Finance  ·  CMBS

Institutional Cadre Lends $1.3B to Brookfield on MIT Life-Science Buildings


Brookfield (BN) Asset Management has reeled in $1.3 billion in commercial mortgage-backed securities financing against a portfolio of legacy Forest City Realty Trust life-science assets near Boston, according to Morningstar Credit Ratings, which analyzed the transaction.

The deal, funded by Citigroup (C), Barclays (BCS) Capital, Bank of America (BAC) and Deutsche Bank (DB), brings Brookfield seven-year debt split into a $1.17 billion senior loan and a $130 million mezzanine tranche. The senior loan is to be securitized into the forthcoming CAMB 2019-LIFE single-borrower CMBS deal, while the mezzanine tranche was sold last week to TIAA.

SEE ALSO: Maverick Secures $247M of Signature CRE Loans from Blackstone-Led Venture

Brookfield, which finalized its acquisition of Forest City Realty Trust in December 2018, is also contributing more than $400 million in equity to the purchase, which effectively transfers the properties from Forest City’s ownership to its own balance sheet.

The expansive financing package is backed by eight buildings on the Cambridge, Mass. campus of the Massachusetts Institute of Technology. Seven are 100 percent occupied by tenants such as Blueprint Medicines and Takeda Oncology, both of which invent new drugs, and Brigham and Women’s Hospital, a top Boston-area health care center. The eighth building has about 13,000 square feet vacant—no more than 1 percent of the entire portfolio.

The octet, on the northeast edge of MIT’s 166-acre urban campus just across the Charles River from downtown Boston, are each ground-leased from the university, in agreements that don’t expire until at earliest the 2060s. Interiors are split about half and half between office and lab space.

On the senior loan set for securitization, Brookfield will pay a spread of 2.04 percent above Libor on an interest-only basis for two years, with five one-year extension options. The mezzanine debt costs Libor plus 4.1 percent. Both rates would increase a quarter of a percentage point in year six.

Considered as a group—which makes the buildings more desirable—the portfolio was appraised for the deal at $1.6 billion, a figure that assigns the CMBS debt a loan-to-value ratio of 73 percent. The mezzanine debt extends that figure to 81 percent.

Boston was the country’s top market for life-science buildings last year, according to a JLL (JLL) report, and 11 of the 15 biggest biotechnology companies in the world have workers in Cambridge. In the Boston metro area, about 91,000 people work in biotechnology, nearly 5 percent of the world’s total workforce for that industry.

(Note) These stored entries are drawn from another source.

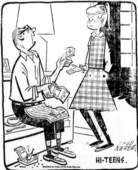
"Ballet lessons . . . ballet slippers! Couldn't you get the same exercise running your mother's vacuum?"

..more super-shoppers depend on Lucky Bonded Beef for perfect tenderness - EVERY TIME!
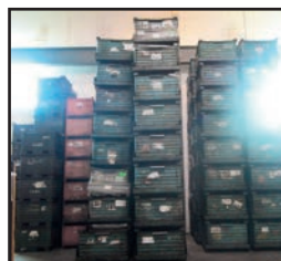
VIEW OF PART TUBS/BINS
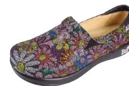
DAISY CHAIN KEL-564
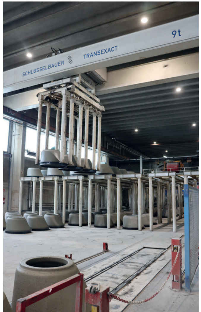
The modular, fully automatic Exact production system for pipes and manhole components has been in operation at Sollenau since 1998.

On the other hand, Morningstar analysts pointed out the industry’s high level of specialization could make it hard to replace any tenants that depart, and drug companies like those with digs in the portfolio sometimes have to take large development risks that could tank a company’s fortunes in short order.

Data for last year aren’t available yet, but in 2017, the portfolio took in just under $105 million in gross income, against expenses of about $35 million.

Spokesmen for Citigroup, Barclays and Deutsche Bank declined to comment. Representatives for Brookfield and for Bank of America didn’t respond to inquiries.